--- Try it ---
Without including any images, set down the records below exactly.

-------------------------

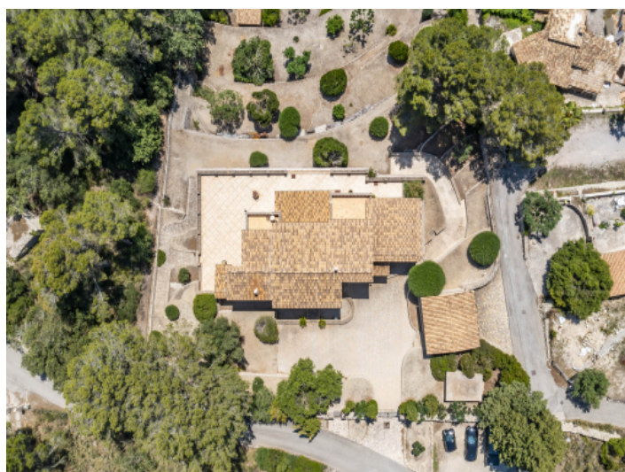
Finca from a birds-eye view
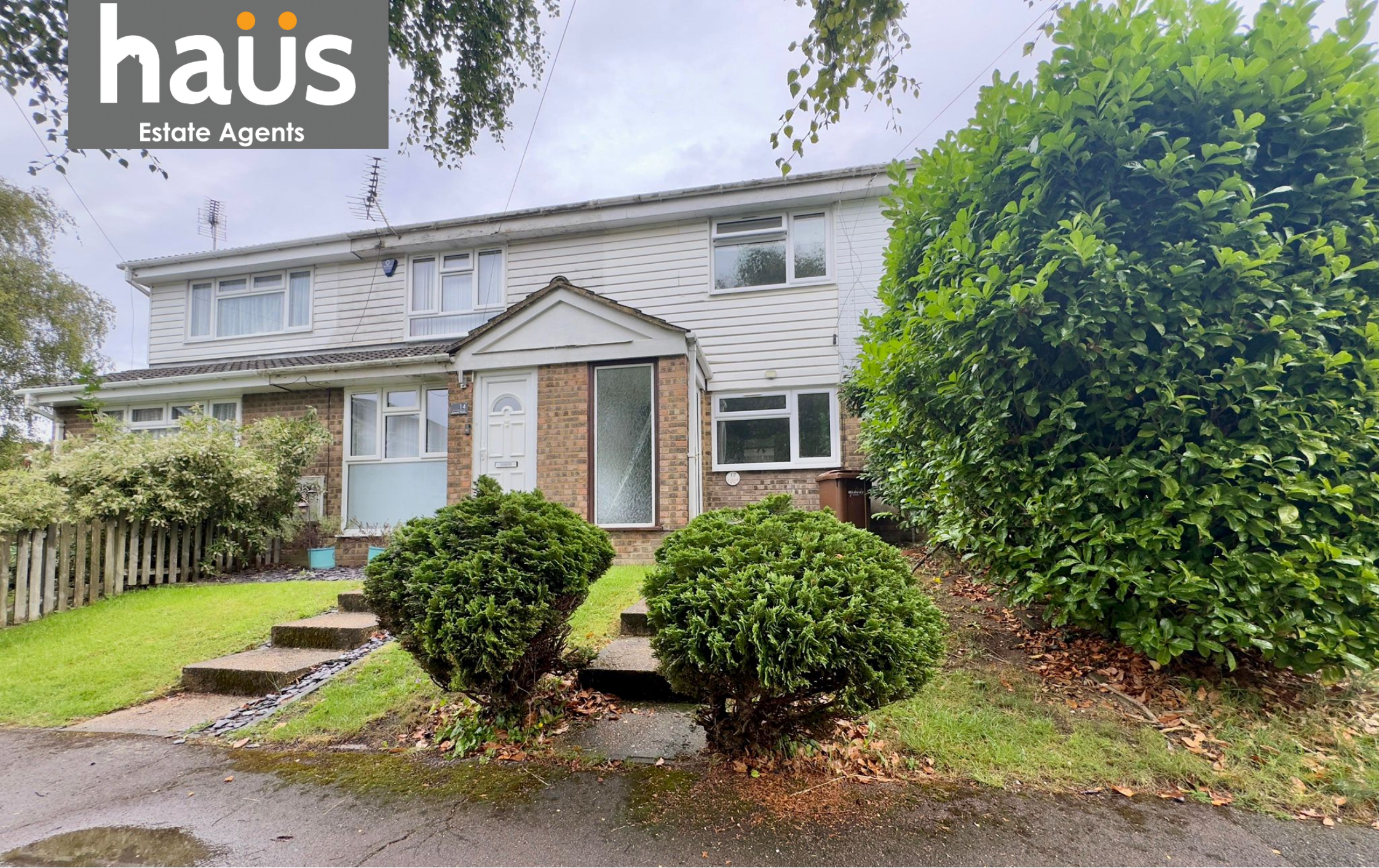
Two Bedroom Semi-Detached House Laurel Walk, Gillingham, Kent, ME8 8HU
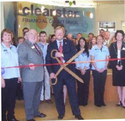
Clearstar Financial Credit Union 1/18/08
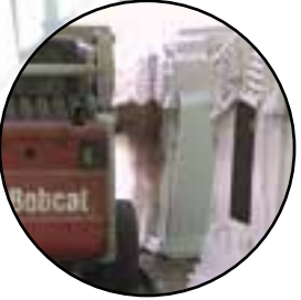
stay open when in use
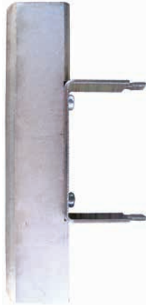
Solid Link Blade
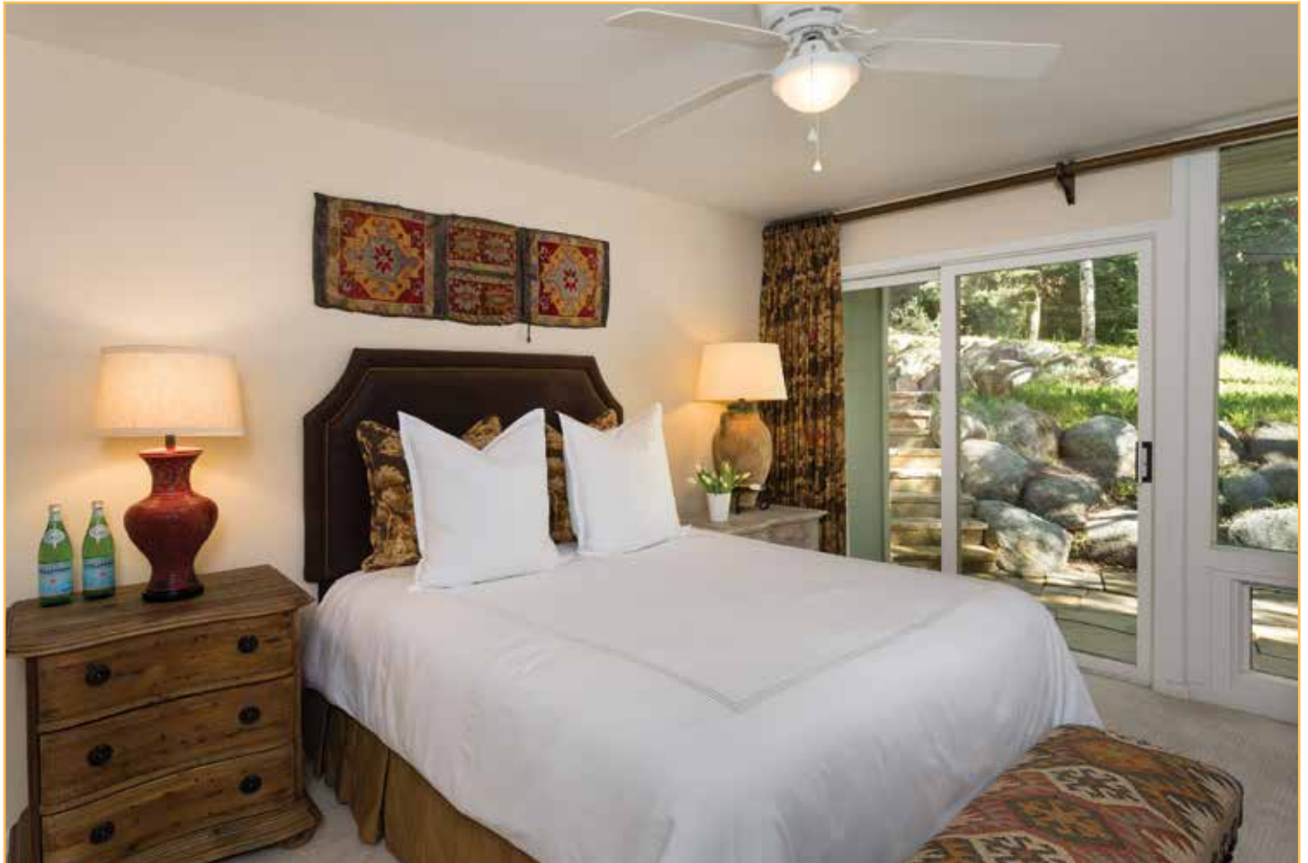
Main level guest bedroom with bath on hall
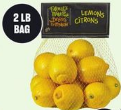
FARMER'S MARKET™ LEMONS PRODUCT OF SOUTH AFRICA 2 LB BAG 20795315001_EA
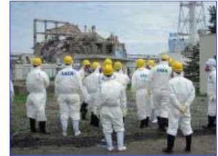
International Atomic Energy Agency inspection team members looking at the unit three reactor building of Fukushima
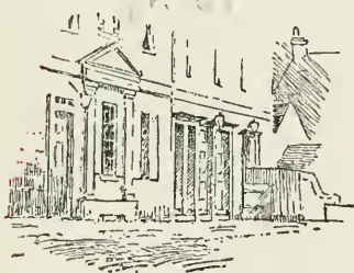
The Old Theatre, Bath

21225 With Colored Illustrations by C. E. and H. M. BROCK
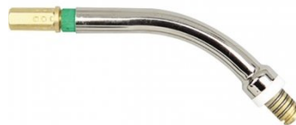
W562A Swan Neck Assembly

-------------------------

--- Reply ---
Finca from a birds-eye view
Two Bedroom Semi-Detached House Laurel Walk, Gillingham, Kent, ME8 8HU
Clearstar Financial Credit Union 1/18/08
stay open when in use
Solid Link Blade
Main level guest bedroom with bath on hall
FARMER'S MARKET™ LEMONS PRODUCT OF SOUTH AFRICA 2 LB BAG 20795315001_EA
International Atomic Energy Agency inspection team members looking at the unit three reactor building of Fukushima
The Old Theatre, Bath

21225 With Colored Illustrations by C. E. and H. M. BROCK
W562A Swan Neck Assembly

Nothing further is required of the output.